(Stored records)
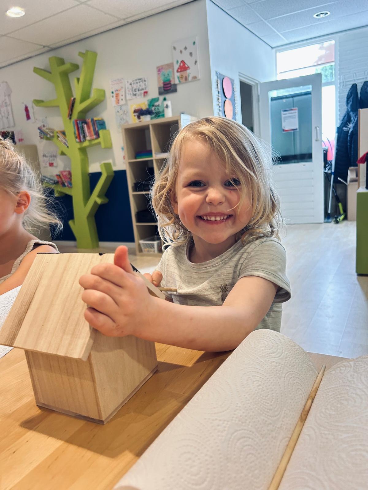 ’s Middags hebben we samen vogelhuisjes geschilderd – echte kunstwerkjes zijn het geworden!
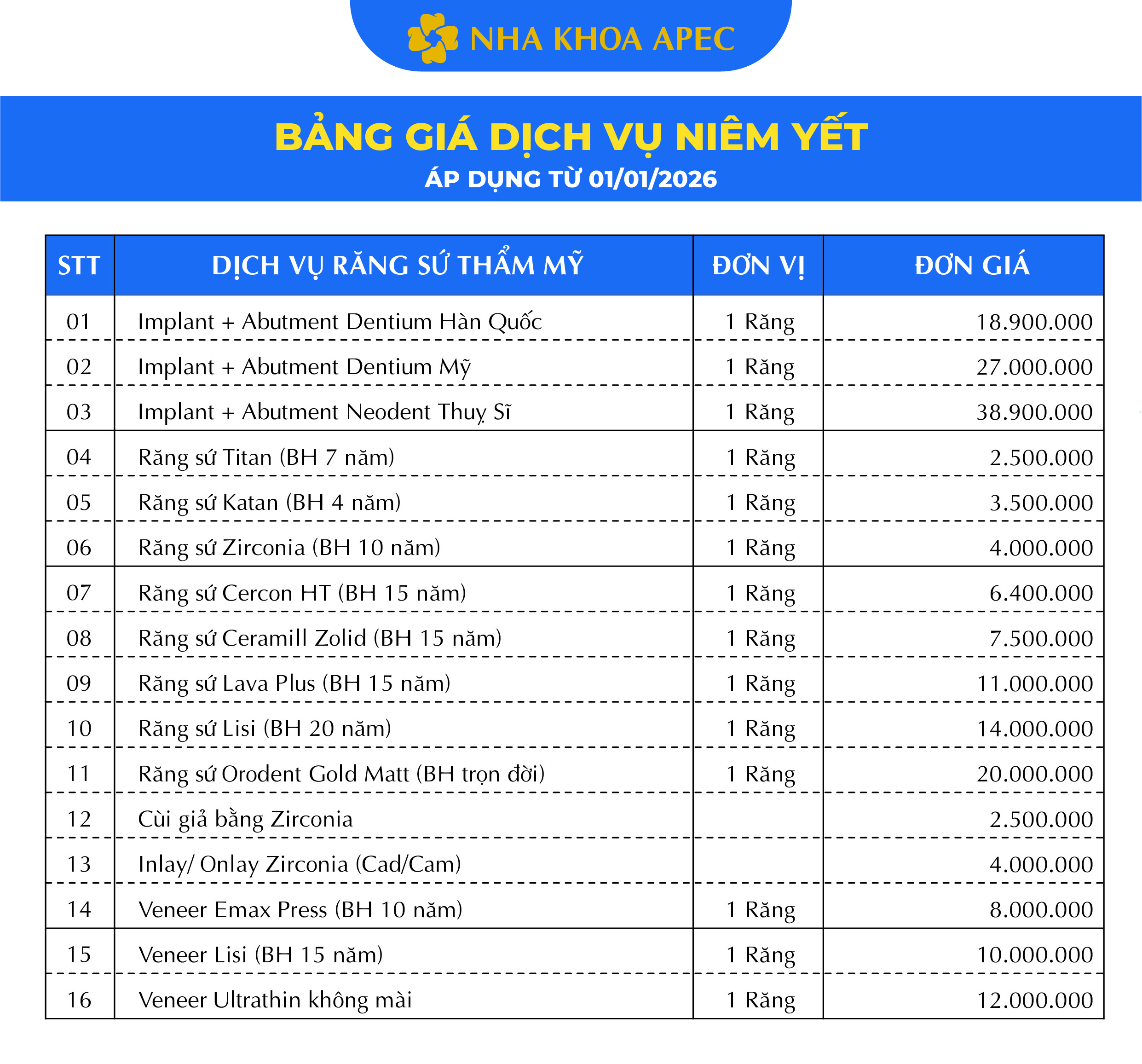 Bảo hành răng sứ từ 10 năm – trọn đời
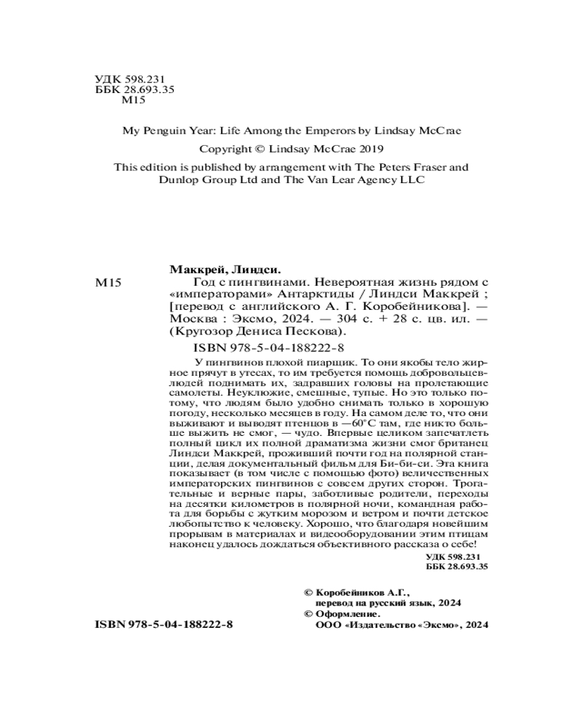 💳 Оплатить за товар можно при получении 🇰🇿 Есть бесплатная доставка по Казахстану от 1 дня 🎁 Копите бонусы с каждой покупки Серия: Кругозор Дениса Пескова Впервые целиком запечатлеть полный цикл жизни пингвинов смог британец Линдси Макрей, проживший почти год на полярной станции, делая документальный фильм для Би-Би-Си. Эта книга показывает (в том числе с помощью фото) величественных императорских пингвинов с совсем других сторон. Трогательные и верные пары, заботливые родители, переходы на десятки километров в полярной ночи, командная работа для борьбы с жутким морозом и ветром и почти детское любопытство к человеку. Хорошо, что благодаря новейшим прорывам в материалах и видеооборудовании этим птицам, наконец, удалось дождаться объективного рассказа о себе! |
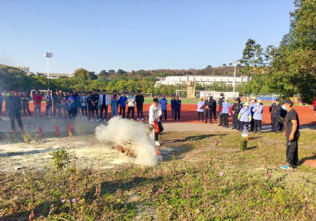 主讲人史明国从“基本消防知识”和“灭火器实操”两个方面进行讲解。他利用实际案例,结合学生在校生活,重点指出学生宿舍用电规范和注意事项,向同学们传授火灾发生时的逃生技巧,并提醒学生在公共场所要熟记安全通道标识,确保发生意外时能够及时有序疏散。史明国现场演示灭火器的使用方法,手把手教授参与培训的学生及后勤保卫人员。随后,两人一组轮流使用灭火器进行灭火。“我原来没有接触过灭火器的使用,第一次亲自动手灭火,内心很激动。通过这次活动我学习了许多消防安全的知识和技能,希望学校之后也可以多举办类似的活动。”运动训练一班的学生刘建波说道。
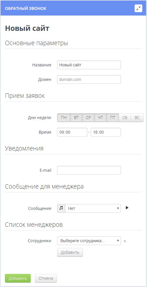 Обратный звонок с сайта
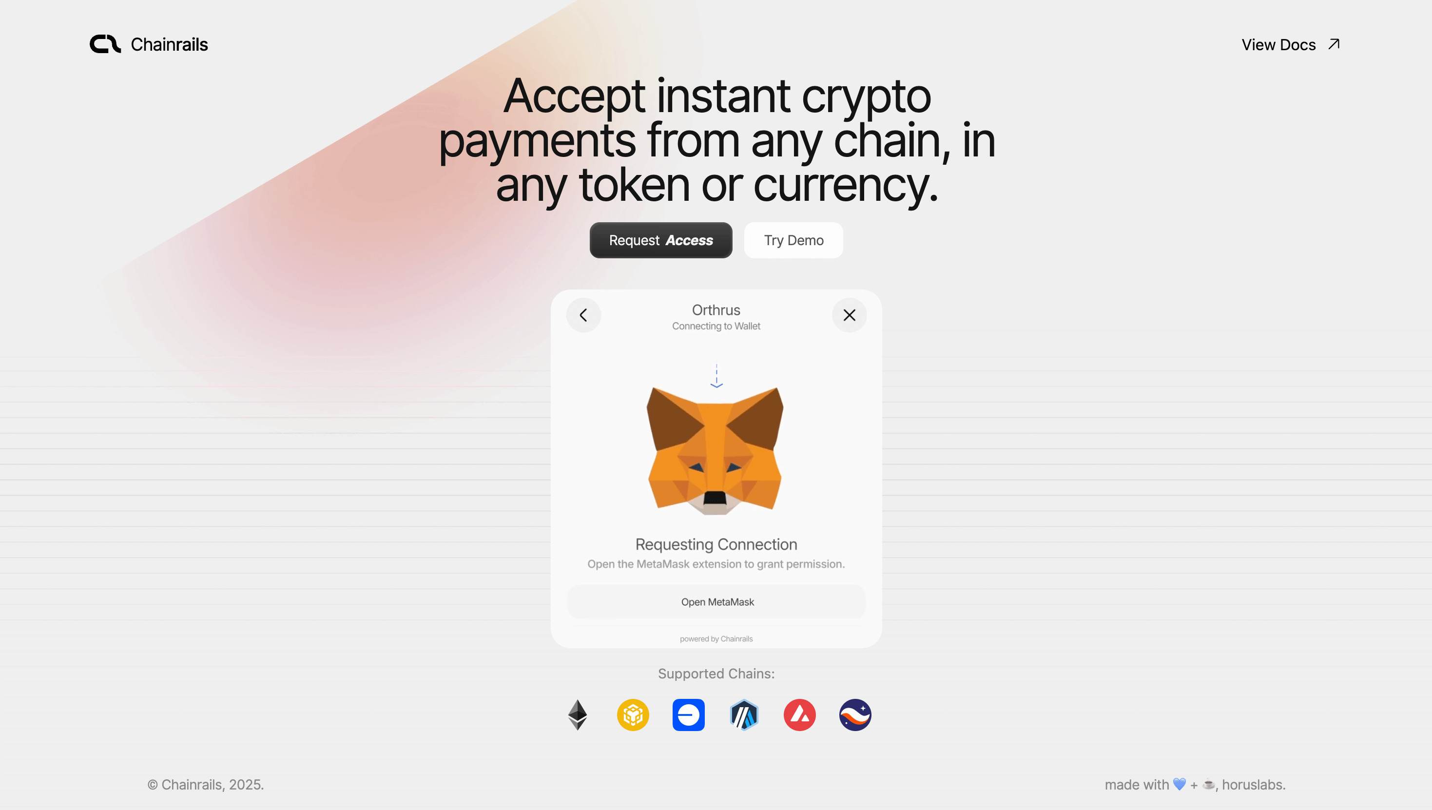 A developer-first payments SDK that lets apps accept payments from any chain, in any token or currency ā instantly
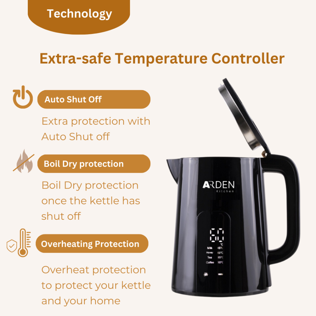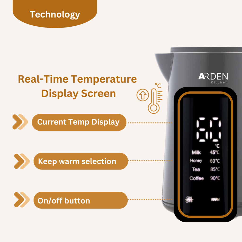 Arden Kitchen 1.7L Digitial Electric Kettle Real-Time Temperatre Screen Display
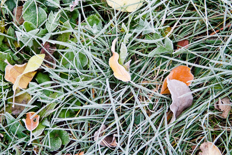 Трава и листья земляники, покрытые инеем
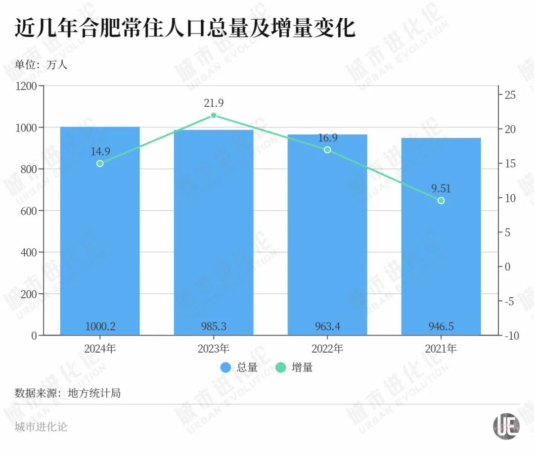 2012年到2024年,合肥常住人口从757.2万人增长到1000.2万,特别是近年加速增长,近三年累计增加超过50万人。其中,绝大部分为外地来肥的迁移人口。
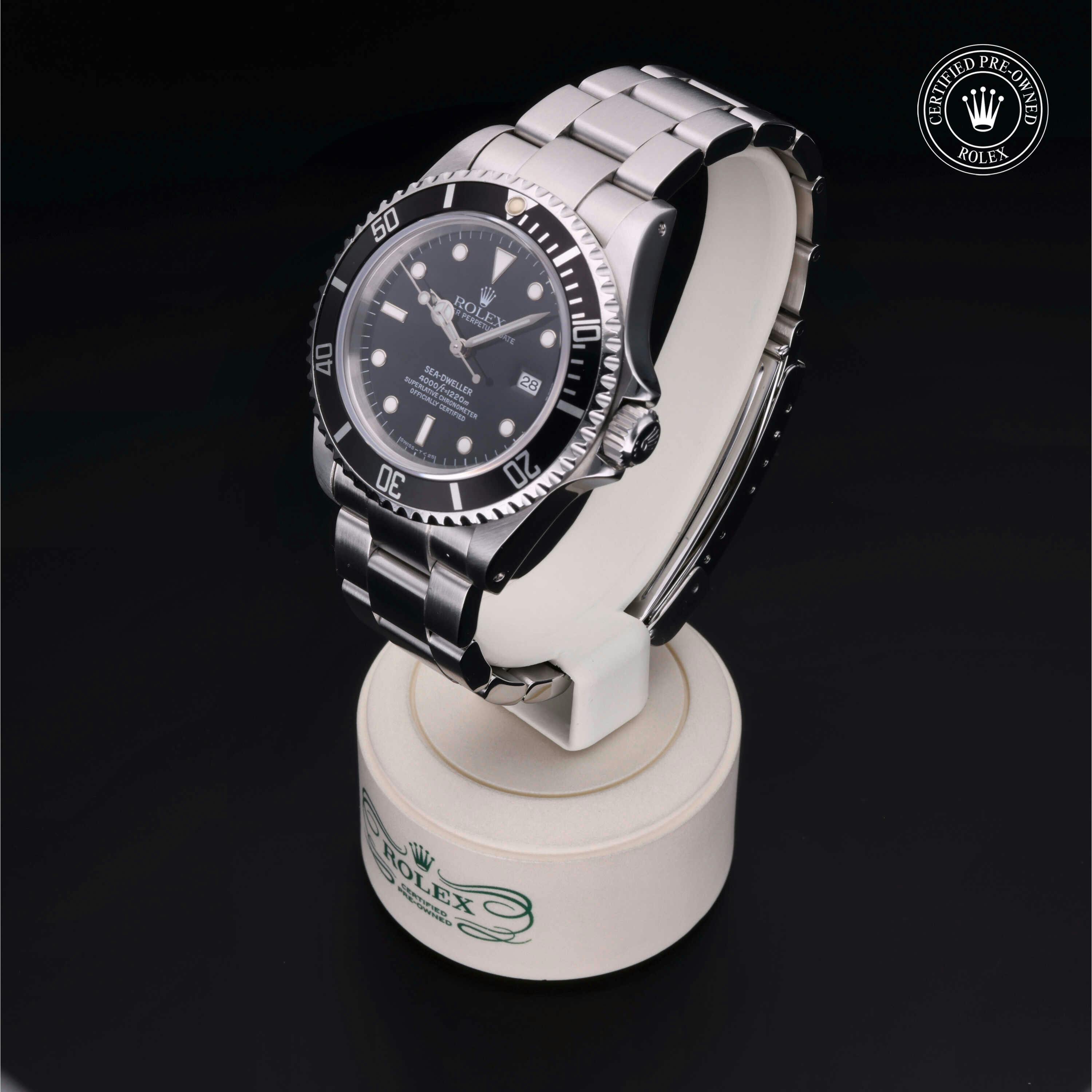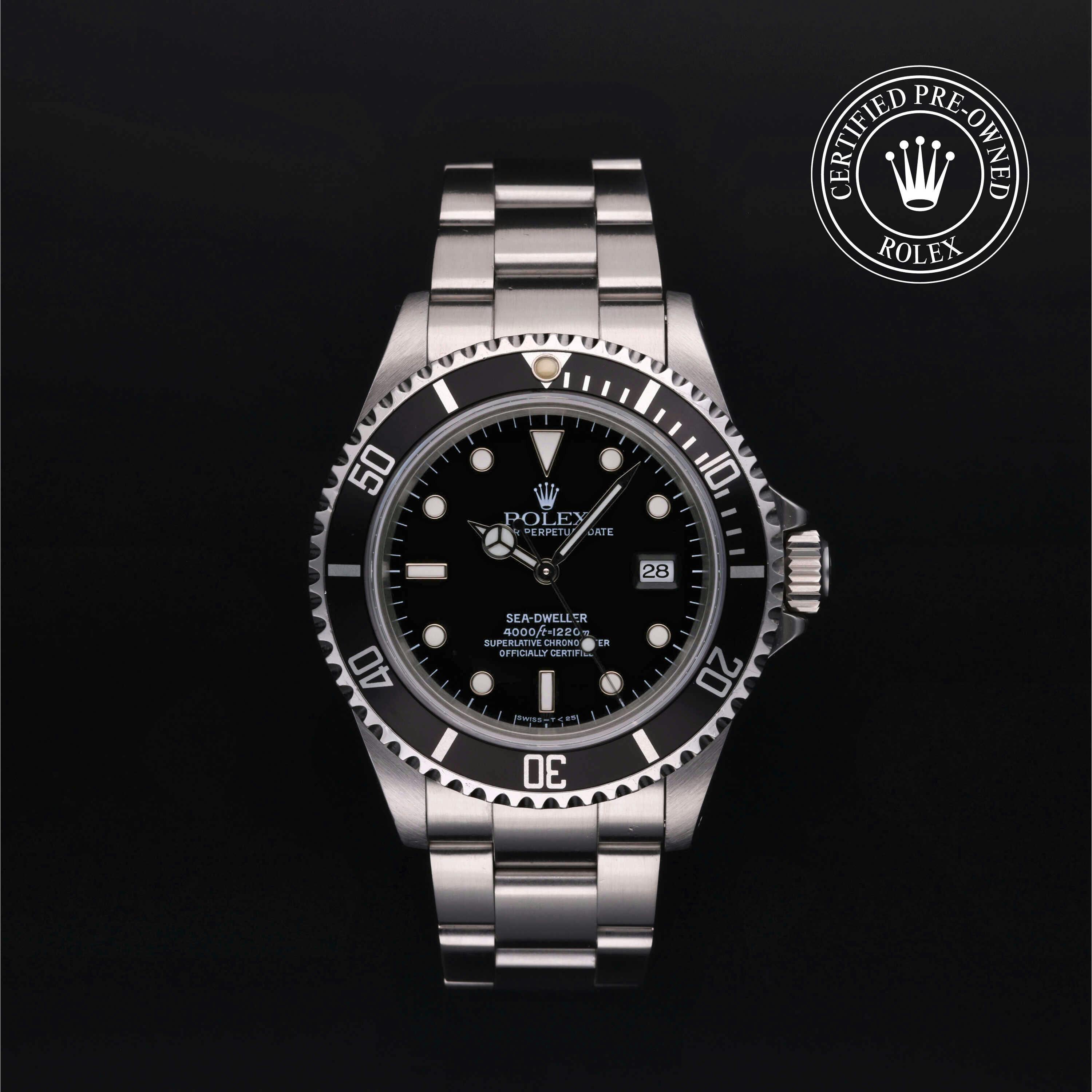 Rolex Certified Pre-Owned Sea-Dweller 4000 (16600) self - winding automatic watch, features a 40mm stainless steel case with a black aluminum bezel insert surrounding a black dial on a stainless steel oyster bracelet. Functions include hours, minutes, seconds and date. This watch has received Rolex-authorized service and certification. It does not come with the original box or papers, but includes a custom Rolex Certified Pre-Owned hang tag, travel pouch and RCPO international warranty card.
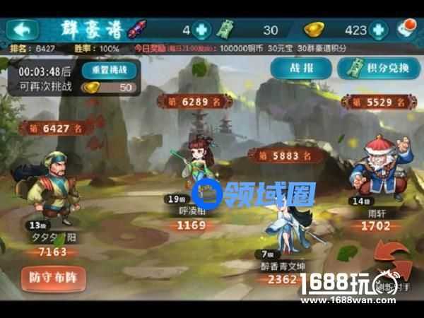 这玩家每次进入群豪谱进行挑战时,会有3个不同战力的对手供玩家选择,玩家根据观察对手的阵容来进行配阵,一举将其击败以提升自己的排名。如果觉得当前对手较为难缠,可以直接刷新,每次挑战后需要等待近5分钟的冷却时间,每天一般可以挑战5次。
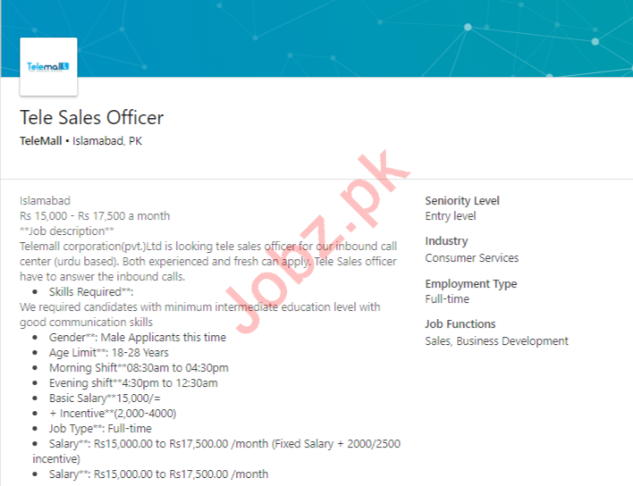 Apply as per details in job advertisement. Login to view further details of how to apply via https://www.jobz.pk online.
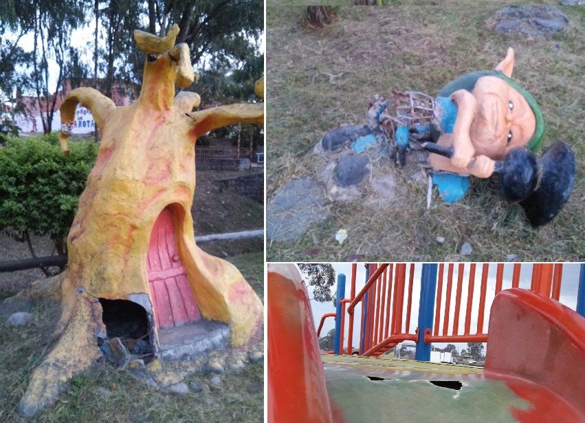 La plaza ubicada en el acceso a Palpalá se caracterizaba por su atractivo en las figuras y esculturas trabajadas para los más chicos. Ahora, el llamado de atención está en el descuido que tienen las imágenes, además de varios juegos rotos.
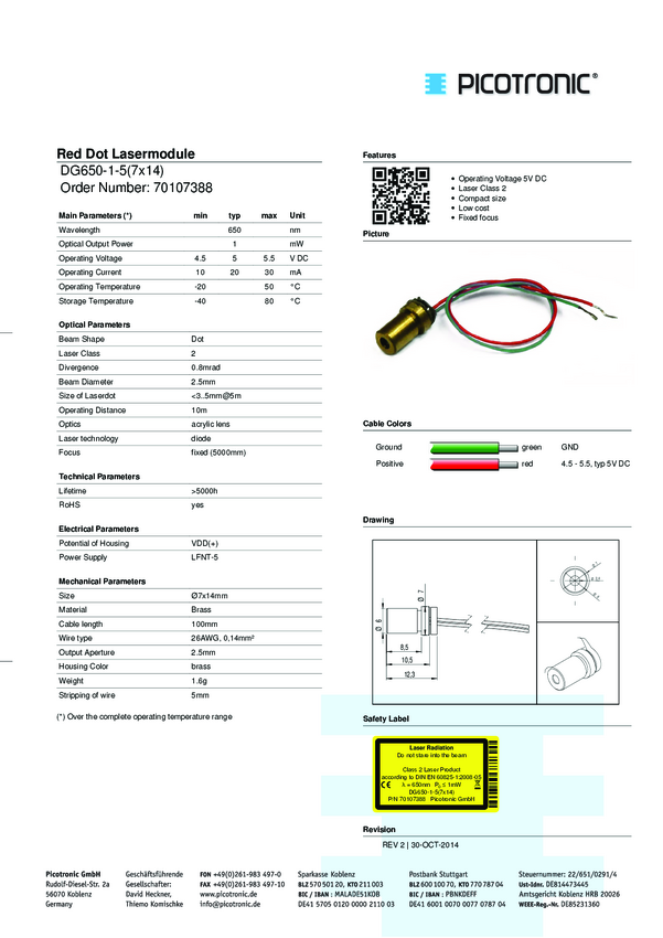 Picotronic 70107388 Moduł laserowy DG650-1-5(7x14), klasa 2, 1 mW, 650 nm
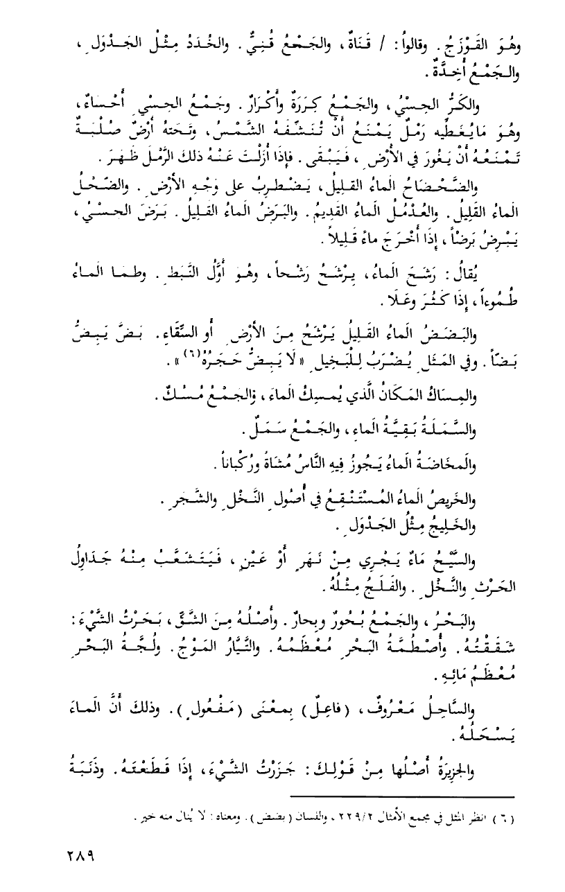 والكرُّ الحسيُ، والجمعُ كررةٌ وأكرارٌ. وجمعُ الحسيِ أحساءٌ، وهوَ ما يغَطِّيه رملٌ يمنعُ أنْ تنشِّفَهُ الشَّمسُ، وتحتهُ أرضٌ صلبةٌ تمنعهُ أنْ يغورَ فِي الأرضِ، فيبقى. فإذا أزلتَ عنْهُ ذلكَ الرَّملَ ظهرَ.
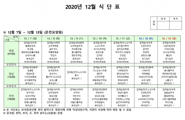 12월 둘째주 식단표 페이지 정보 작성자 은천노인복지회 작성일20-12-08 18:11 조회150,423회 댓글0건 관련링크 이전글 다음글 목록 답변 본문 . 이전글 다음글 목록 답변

:: Your assignment ::
Omit the pictures and write out the remaining data exactly.

:: Exercise answer ::
 ’s Middags hebben we samen vogelhuisjes geschilderd – echte kunstwerkjes zijn het geworden!
 Bảo hành răng sứ từ 10 năm – trọn đời
 💳 Оплатить за товар можно при получении 🇰🇿 Есть бесплатная доставка по Казахстану от 1 дня 🎁 Копите бонусы с каждой покупки Серия: Кругозор Дениса Пескова Впервые целиком запечатлеть полный цикл жизни пингвинов смог британец Линдси Макрей, проживший почти год на полярной станции, делая документальный фильм для Би-Би-Си. Эта книга показывает (в том числе с помощью фото) величественных императорских пингвинов с совсем других сторон. Трогательные и верные пары, заботливые родители, переходы на десятки километров в полярной ночи, командная работа для борьбы с жутким морозом и ветром и почти детское любопытство к человеку. Хорошо, что благодаря новейшим прорывам в материалах и видеооборудовании этим птицам, наконец, удалось дождаться объективного рассказа о себе! |
 主讲人史明国从“基本消防知识”和“灭火器实操”两个方面进行讲解。他利用实际案例,结合学生在校生活,重点指出学生宿舍用电规范和注意事项,向同学们传授火灾发生时的逃生技巧,并提醒学生在公共场所要熟记安全通道标识,确保发生意外时能够及时有序疏散。史明国现场演示灭火器的使用方法,手把手教授参与培训的学生及后勤保卫人员。随后,两人一组轮流使用灭火器进行灭火。“我原来没有接触过灭火器的使用,第一次亲自动手灭火,内心很激动。通过这次活动我学习了许多消防安全的知识和技能,希望学校之后也可以多举办类似的活动。”运动训练一班的学生刘建波说道。
 Обратный звонок с сайта
 A developer-first payments SDK that lets apps accept payments from any chain, in any token or currency ā instantly
 Arden Kitchen 1.7L Digitial Electric Kettle Real-Time Temperatre Screen Display
 Трава и листья земляники, покрытые инеем
 2012年到2024年,合肥常住人口从757.2万人增长到1000.2万,特别是近年加速增长,近三年累计增加超过50万人。其中,绝大部分为外地来肥的迁移人口。
 Rolex Certified Pre-Owned Sea-Dweller 4000 (16600) self - winding automatic watch, features a 40mm stainless steel case with a black aluminum bezel insert surrounding a black dial on a stainless steel oyster bracelet. Functions include hours, minutes, seconds and date. This watch has received Rolex-authorized service and certification. It does not come with the original box or papers, but includes a custom Rolex Certified Pre-Owned hang tag, travel pouch and RCPO international warranty card.
 这玩家每次进入群豪谱进行挑战时,会有3个不同战力的对手供玩家选择,玩家根据观察对手的阵容来进行配阵,一举将其击败以提升自己的排名。如果觉得当前对手较为难缠,可以直接刷新,每次挑战后需要等待近5分钟的冷却时间,每天一般可以挑战5次。
 Apply as per details in job advertisement. Login to view further details of how to apply via https://www.jobz.pk online.
 La plaza ubicada en el acceso a Palpalá se caracterizaba por su atractivo en las figuras y esculturas trabajadas para los más chicos. Ahora, el llamado de atención está en el descuido que tienen las imágenes, además de varios juegos rotos.
 Picotronic 70107388 Moduł laserowy DG650-1-5(7x14), klasa 2, 1 mW, 650 nm
 والكرُّ الحسيُ، والجمعُ كررةٌ وأكرارٌ. وجمعُ الحسيِ أحساءٌ، وهوَ ما يغَطِّيه رملٌ يمنعُ أنْ تنشِّفَهُ الشَّمسُ، وتحتهُ أرضٌ صلبةٌ تمنعهُ أنْ يغورَ فِي الأرضِ، فيبقى. فإذا أزلتَ عنْهُ ذلكَ الرَّملَ ظهرَ.
 12월 둘째주 식단표 페이지 정보 작성자 은천노인복지회 작성일20-12-08 18:11 조회150,423회 댓글0건 관련링크 이전글 다음글 목록 답변 본문 . 이전글 다음글 목록 답변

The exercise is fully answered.